A 17 year old MIT hopeful did something creative with her acceptance letter - launched it in to space.
Written by Charlie Osborne, Contributing Writer

17 year-old Erin King, recently accepted into Massachusetts Institute of Technology, launched her MIT admissions letter 91,000 feet in to space and recorded its journey.

As part of the "Hack the Tubes" project ran by MIT Admissions, soon-to-be students are asked to think of creative things to do with their admissions letters -- which are delivered in a cardboard tube to hopeful candidates.

King used two GPS ham radio transmitters (APRS), a helium-filled weather balloon, and a GoPro Hero camera as part of her 'Amateur Radio High-Altitude Ballooning project', as well as making custom antennas for the radios. The camera mounted to the tube -- 'TubeCam' -- managed to take 960p HD footage to track the journey.

The tube was loaded and launched in Georgia on January 16. The flight lasted approximately 2 hours and managed to attain an altitude of 91,000 feet. The tube landed more than 75 miles away near Cordele, in a small patch of trees surrounded by a cotton field.
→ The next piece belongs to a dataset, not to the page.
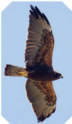
Swainson's Hawk

NOTE: You must be willing to carpool and share fuel expenses with a minimum of 3 other people to attend this field trip. We will have a maximum of 4, 4-person vehicles on this field trip.

The "Hack The Tubes" project has received a number of entries, from digital art to creating stilt shoes, although King's is known as the best entry. Chris Peterson, the institute's counselor for web communications, told website Boing Boing that as 2012 was the anniversary of an old MIT balloon hack, the team "put a letter in all of the Early Action admit tubes telling them we wanted them to hack the tubes somehow."

King will be joining the MIT class of 2016.